Mohamed v Judicial Service Commission [2023] KEELRC 2983 (KLR) | Affidavit Defects | Esheria

Mohamed v Judicial Service Commission [2023] KEELRC 2983 (KLR)

Full Case Text

Mohamed v Judicial Service Commission (Cause E645 of 2022) [2023] KEELRC 2983 (KLR) (17 November 2023) (Ruling)

Neutral citation: [2023] KEELRC 2983 (KLR)

Republic of Kenya

In the Employment and Labour Relations Court at Nairobi

Cause E645 of 2022

AN Mwaure, J

November 17, 2023

Between

Bishar Adan Mohamed

Claimant

and

Judicial Service Commission

Respondent

Ruling

1. The Applicant filed a notice of motion dated 16th February 2023 seeking orders that this Honourable Court: -a.spentb.do direct and compel the Respondent to unconditionally release to the Claimant its Human Resource Disciplinary Committee proceedings of 22nd September 2021. c.be pleased to grant leave to the Claimant to file in court the proceedings in paragraph b above and other documents before the suit comes for pretrial on 26th June 2023. d.be pleased to allow the Applicant file witness statements of Hassan Lakicha and Purity Gakii Muranguri.e.costs be provided for.

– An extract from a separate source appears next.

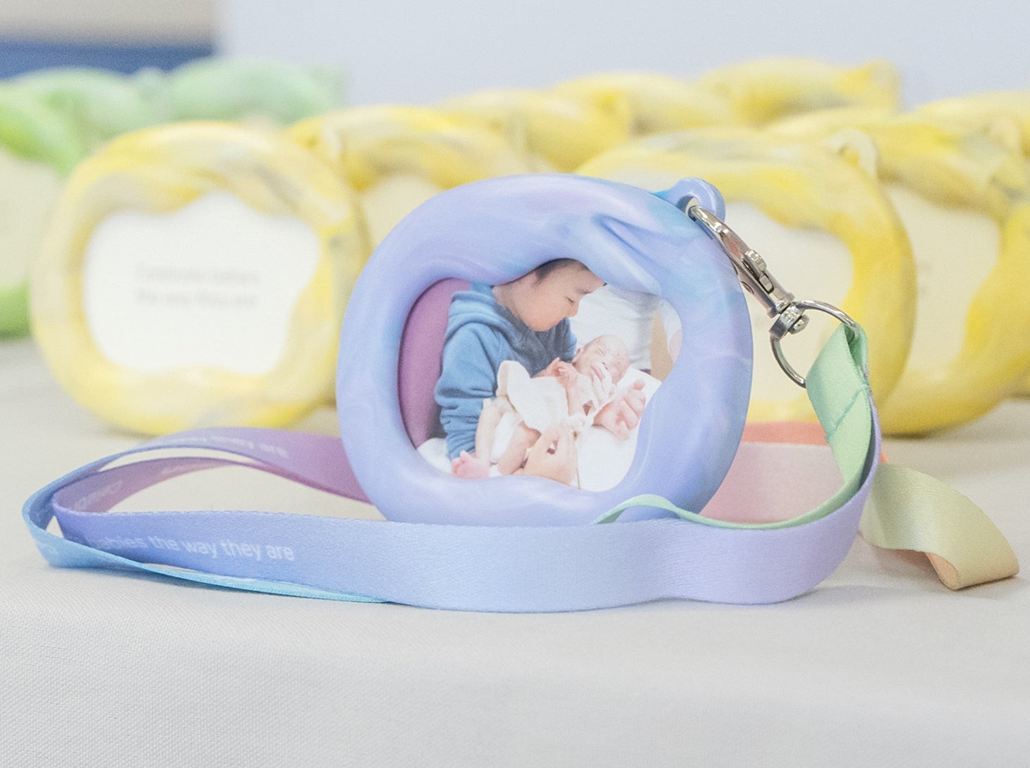 NICUを退院されたお子様とそのご家族の頑張った日々を称え、過ごされた日々を振り返るきっかけとなる「Celebrate baby medal」を贈呈しています。このメダルは、ピジョンのプラスチック製品の製造過程で発生する、未使用の製品をアップサイクルしたものです。1つ1つ同じものにはならないマーブル模様は、1人1人が特別な存在である赤ちゃんとそのご家族を表しています。また、フォトフレームとして飾ることもでき、「ご家族の思い出にそっと寄り添いたい」という想いも込められています。

Applicant/ Claimant Case 2. The Applicant’s application was supported by an affidavit sworn on 16th May 2023 and further affidavit dated 21st July 2023 in which he averred that it has become necessary to request for the Respondent’s human resource disciplinary committee proceedings for meeting held on 22nd September 2022 as the Respondent has not served the Applicant/Claimant its list of documents and the documents therein.

3. The Applicant avers that to enable him prepare his case, the Applicant’s advocate emailed the Respondent’s advocate on 5th May 2023 and sent a follow up letter on 8th May 2023 requesting for the human resource disciplinary committee proceeding/ minutes of the hearing and the committees accompanying report however, the Respondent has never responded.

4. The Applicant avers that unless directed by this court, the Respondent will persist to be silent and the Applicant will suffer irreparable loss. He further avers that he is entitled to information relevant to the case.

5. The Applicant further seeks leave to file witness statements of Hassan Lakicha and Purity Gakii Muranguri as the same are crucial to his case and pre - trial has not been done.

Respondent’s Case 6. In opposition to the application, the Respondent filed a Replying Affidavit dated 22nd June 2023 sworn by the Respondent’s Chief Registrar, Hon Anne Amadi.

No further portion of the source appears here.